4.Post-operative treatment Routine anticoagulation, infection prevention, analgesia treatment after surgery, 24 hours after drainage removal joint extension and flexion functional exercise, and support crutches for weight bearing on the ground. Post-operative X-rays were taken, and the force line of the lower limb was restored and the prosthesis was placed accurately.
Total knee replacement for extra-articular deformity usually requires a thorough evaluation of the site of deformity, the angle of the deformity, and the impact of the deformity on the surgical operation to determine whether the deformity should be corrected intra-articularly or extra-articularly; whether the deformity should be corrected and replaced in one phase, or staged. Typically, deformities that are distant from the articular surface, single-plane, and relatively small in angle can be corrected intra-articularly.
Extra-articular deformities may cause difficulty in determining lower extremity force lines, interfere with the use of intramedullary positioning rods, and cause new soft tissue imbalances through intra-articular osteotomy correction. Computerized navigation can help determine lower extremity force lines without the need for intramedullary positioning, and navigation with a soft tissue balance design can also aid surgical manipulation and is appropriate for use in joint replacement for extra-articular deformities. However, computerized navigation is not commonly performed due to expensive equipment, long learning curve, and increased operative time.
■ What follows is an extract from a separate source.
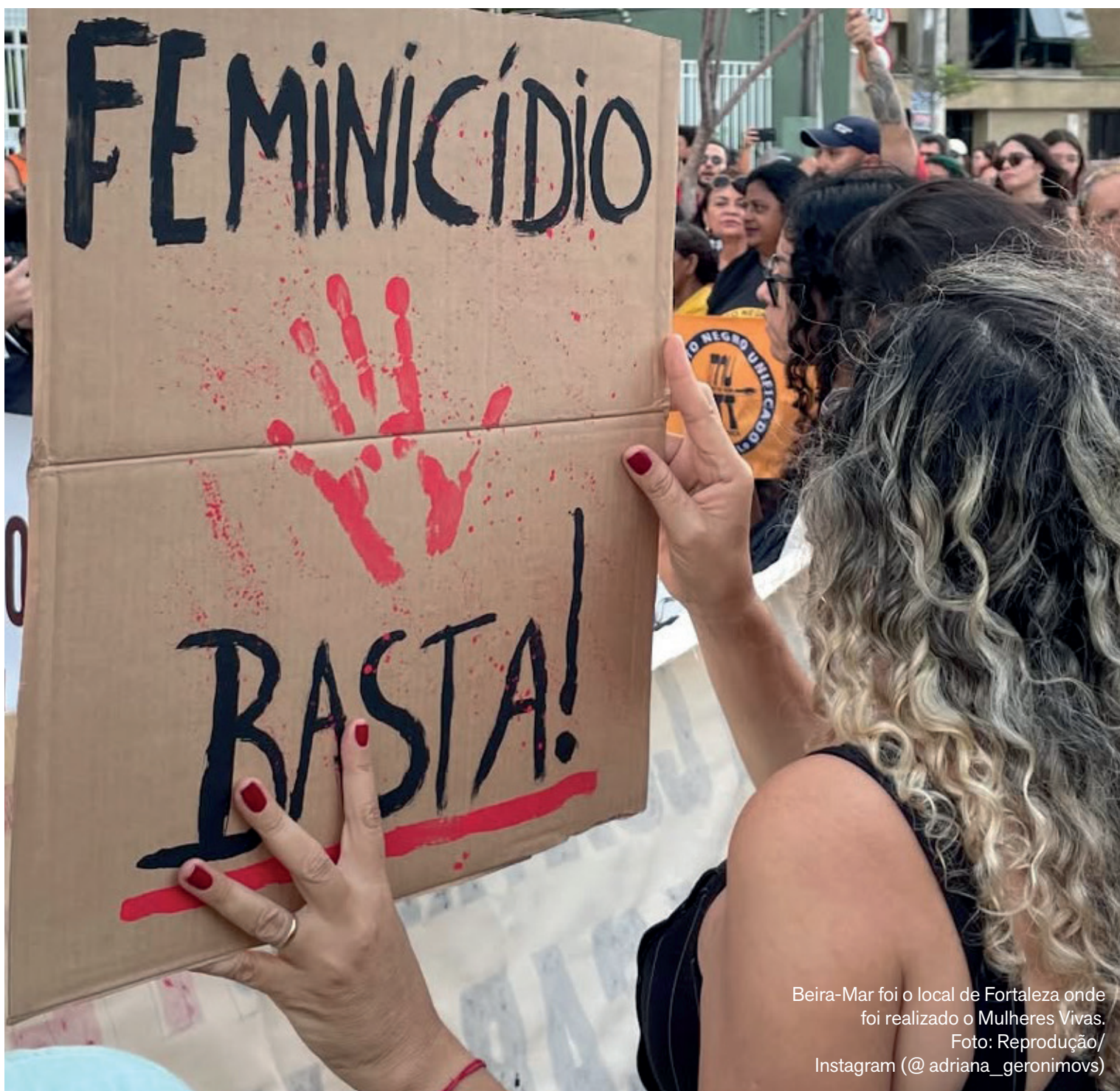
Beira-Mar foi o local de Fortaleza onde foi realizado o Mulheres Vivas.

O Brasil já contabiliza, em 2025, mais de 1.180 casos de feminicídios; em Fortaleza, o protesto aconteceu na Av. Beira-Mar

The use of 3D printing to create personalized osteotomy guides saves surgical operation time through detailed preoperative design, special software and equipment can be purchased by the manufacturer, and the guide operation process is simple and easy to master. The disadvantages are that it requires additional cost for CT or MRI scan of the lower extremity; the design and production of the guide requires special operators and doctors, which requires a certain amount of preparation time; and once the surgical plan is changed, the guide cannot be reused; the accuracy of the surgery depends on the accuracy of the design and the precision of the guide. Because the difficulty in this case was the determination of the femoral force line and osteotomy, only the distal femoral and proximal tibial osteotomy guides were used. With regard to the design of the guide plate, it was relatively easy to determine the force line of the lower extremity with high accuracy. In contrast, the determination of external rotation of the femur depends on the accurate judgment of the through-condylar line, so it is prone to deviation.
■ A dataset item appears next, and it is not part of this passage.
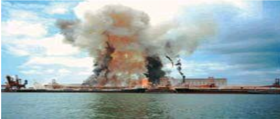
Figura 5 – Explosão no Porto de Paranaguá - (2002). Terminal da Coimbra - 13 feridos

7.000 metros por segundo e exercer pressão de vários Kilo Pascal 3 ; quanto à violência e potência da explosão são quantificadas em função da velocidade da detonação, da temperatura e do volume dos gases produzidos.

In this case, although the femoral deformity was slightly near the level of the joint, it was only in the coronal plane and the angle was not large (the valgus angle was 14 degrees and the angular deformity was about 10 degrees). With preoperative measurements, the deformity could be corrected by reducing the distal osteotomy of the medial femoral condyle and appropriately increasing the distal osteotomy of the lateral femoral condyle. However, a non-rectangular extension gap is subsequently created, due to a medial-lateral ligament imbalance due to degeneration on the one hand, and a soft tissue imbalance due to intra-articular orthosis on the other. The former is balanced by deep medial collateral ligament release and medial bone removal; the latter is released by the author using the medial collateral ligament Pie-Crusting technique, which has the advantages of not increasing the damage of excessive stripping of the medial structures, not affecting the joint line level, and operating in a straightforward and controlled manner.
Therefore, the use of 3D printing technology to design personalized osteotomy guides can provide an effective solution for total knee replacement with extra-articular deformities.